- **Directions**
Your copy starts at the line containing "张凌赫在逐玉庆功宴发言,《逐" and ends at the last line of the material below. Reproduce those lines exactly, with no pictures.

━━ Supplied data ━━

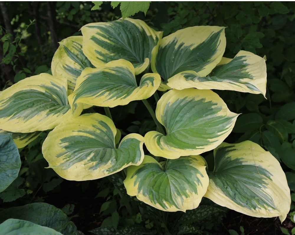 • Листья: большие сине-зеленые сердцевидные, окаймленные широкой кремово-белой полосой.
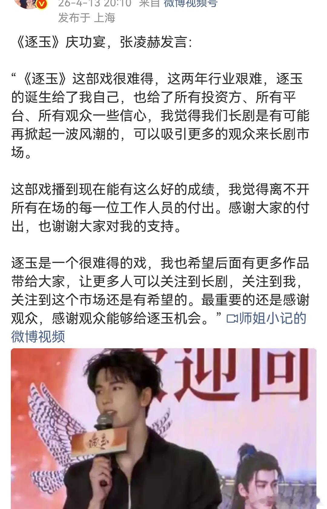 张凌赫在逐玉庆功宴发言,《逐玉》算得上拯救长剧市场吗?张凌赫逐玉庆功宴发言 逐玉
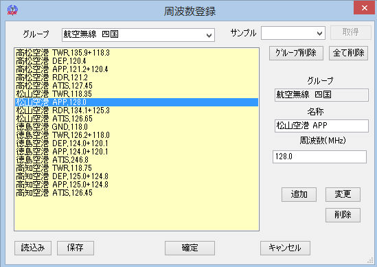 ・登録ボタン 周波数の登録や登録済み候補より選択

━━━

- **Expected answer**
 张凌赫在逐玉庆功宴发言,《逐玉》算得上拯救长剧市场吗?张凌赫逐玉庆功宴发言 逐玉
 ・登録ボタン 周波数の登録や登録済み候補より選択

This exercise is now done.